II.3. Pitch for preserving SPI option value

In parallel with the research threads above, we aim to write a clear “pitch” for why AI developers should care about SPI lock-out. The target audience is technical staff at AI companies who make decisions about model training, deployment, and commitments, but who may not be familiar with open-source game theory. The goal at this stage is to help build coordination on preserving SPI option value where feasible, not to push for expensive or far-reaching changes to AI training.

The pitch would cover:

  • what SPIs are and why they’re an unusually robust way to mitigate catastrophic conflict;
  • historical precedents for SPIs (e.g., single combat or “counting coup” [10]), with discussion of important disanalogies;
  • examples of SPI-undermining behavior and reasoning by frontier models (from Part I);
  • discussion of why further research on the incentives for SPIs might be time-sensitive (from Part II.1);
  • concrete examples of how current AI practices (training objectives, deployment commitments, etc.) could inadvertently lock out SPIs, and low-cost practices to mitigate these failures (from Parts II.1 and II.2).
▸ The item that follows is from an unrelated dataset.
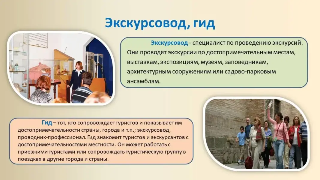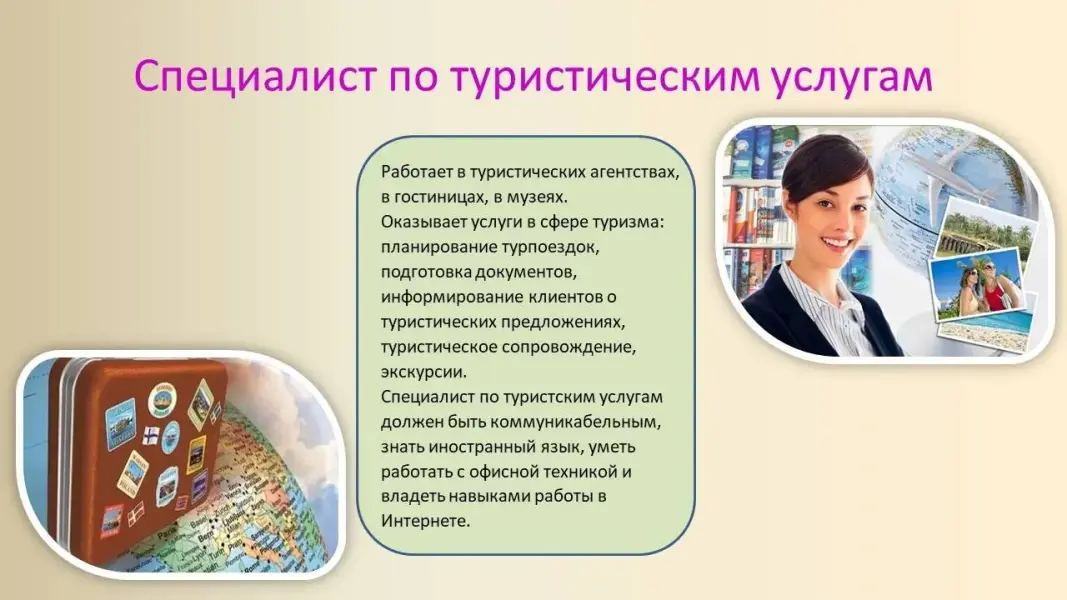 Специалист по туристическим услугам - работает в туристических агентствах, в гостиницах, в музеях. Оказывает услуги в сфере туризма: планирование турпоездок, подготовка документов, информирование клиентов о туристических предложениях, туристическое сопровождение, экскурсии. Специалист по туристским услугам должен быть коммуникабельным, знать иностранный язык, уметь работать с офисной техникой и владеть навыками работы в Интернете.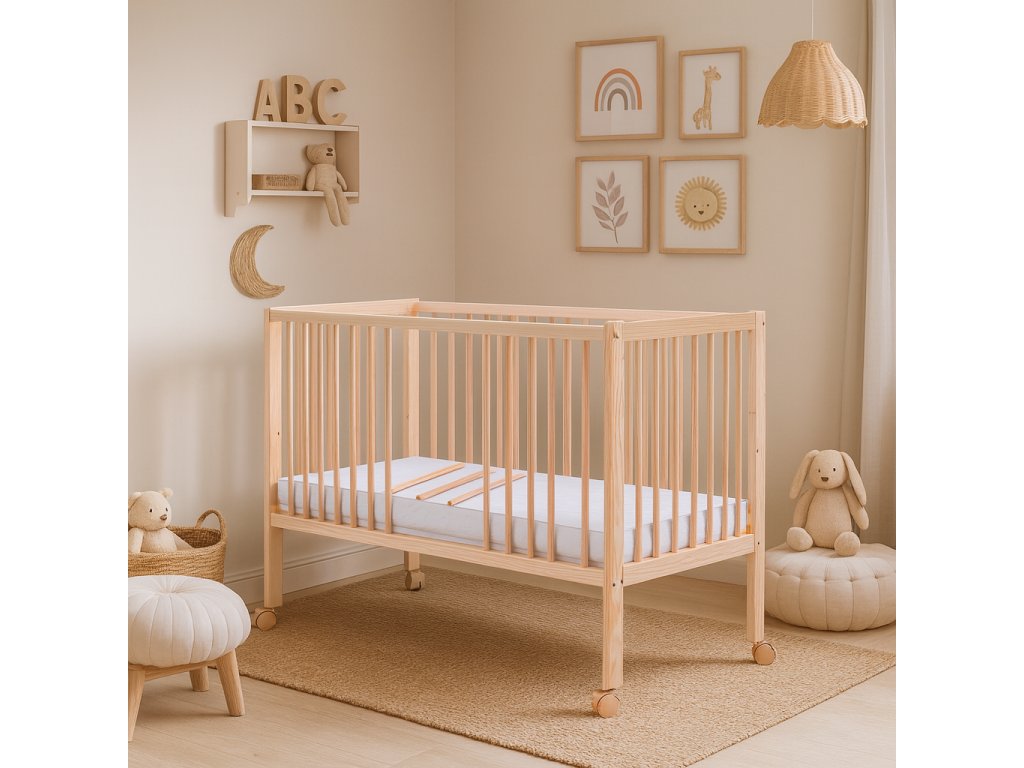 TIP: Doporučujeme dokoupit dětskou matraci 120 x 60 cm a kolečka na postýlku, které si můžete objednat z naší nabídky.

III. Preparing for automation of SPI research

Various open conceptual questions about SPIs seem important, yet less tractable or urgent than those in Part II. For example: Which attitudes that AIs might have about decision theory could shape their incentives to use SPIs? And given that these decision-theoretic attitudes aren’t self-correcting (Cooper et al.), how might future AIs’ incentives to use SPIs be path-dependent on earlier AIs’/humans’ attitudes (even if these aren’t “locked in”)? We want to get into a strong position to delegate these questions to future AI research assistants.

Anecdotally, we’ve found current models to be mostly poor at conceptual reasoning about SPIs, even when given substantial context. But models do help with some conceptual tasks. While the set of such tasks might grow quite quickly soon, delegating SPI research to AI assistants could still face two main bottlenecks:

  1. Ability to efficiently identify which tasks we can trust AIs to do reliably, when it’s hard to quickly verify correctness (as is common in conceptual research).
  2. SPI-specific data/context and infrastructure.

(See Carlsmith’s “Can we safely automate alignment research?”. (1) is about what Carlsmith calls “evaluation failures” (Sec. 5-6), and (2) is about “data-scarcity” and “shlep-scarcity” (Sec. 10). [11])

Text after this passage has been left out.